Residuals variability is not constant. There are alot of points above 50,000 but not below -50,000.
hist(salaryModel$residuals)
qqnorm(salaryModel$residuals)
qqline(salaryModel$residuals)
plot(salaryModel$residuals)
abline(h = 0, lty = 3)
Adjusted R-squared: 0.2162.
This model explains only 22% variability. This might not be a good model to predict salary. I have created another model that includes the major, that is a better model with an Adjusted R-squared: 0.5616.
salaryMajorModel <- lm(data$Salary ~ data$Degree+data$Major, data = data)

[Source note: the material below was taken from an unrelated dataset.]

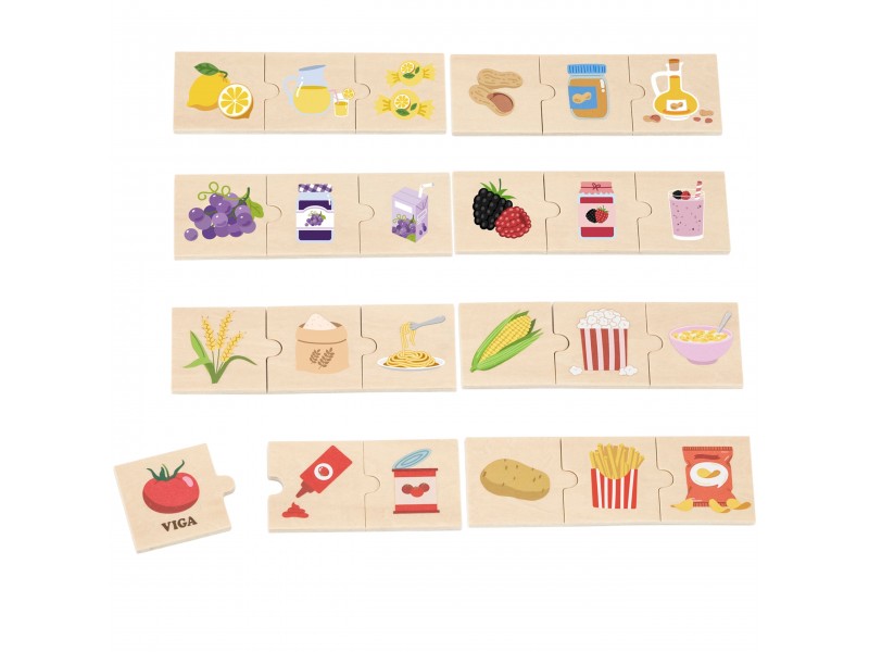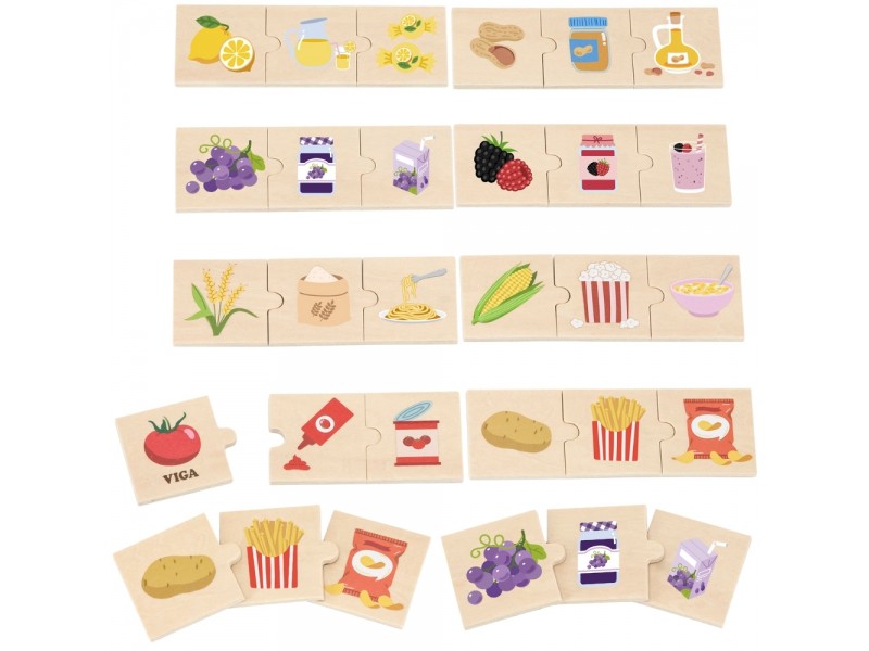 Šis nuostabus VIGA dėlionių rinkinys linksmu ir interaktyviu būdu supažindins jūsų mažylį su maisto gamybos procesais. Žaisdamas vaikas išmoks, kaip įvairūs augalai virsta gardžiais kasdieniais produktais. Dėliodami ir derindami augalus su galutiniais produktais, tokiais kaip spragėsiai, grūdų dribsniai, riešutų sviestas ar makaronai, vaikai ne tik lavins smulkiąją motoriką, bet ir supras, iš kur atkeliauja jų mėgstami skanėstai. Tai puiki priemonė, skatinanti smalsumą ir supratimą apie mus supantį pasaulį.

summary(salaryMajorModel)$adj.r.squared
## [1] 0.561587
There is a difference in mean salaries of degrees. Higher the degree, the higher the salary. I wouldn’t have any problems with generalizing these findings to anyone who received a degree from Texas or Colorado. One of the concerns I have is that, some of the degrees offered in these universities are not offered in other parts of the country. For example, Petroleum engineering is not a major offered by universities throughout the US. In this data set, salaries of Petroleum engineer is an influential point. This is a concern I have about generalizing the results to the entire US population. The model with degree alone explains only 22% of the variation.The model with area of study/ major is a far better predictor with an Adjusted R-squared value of .56.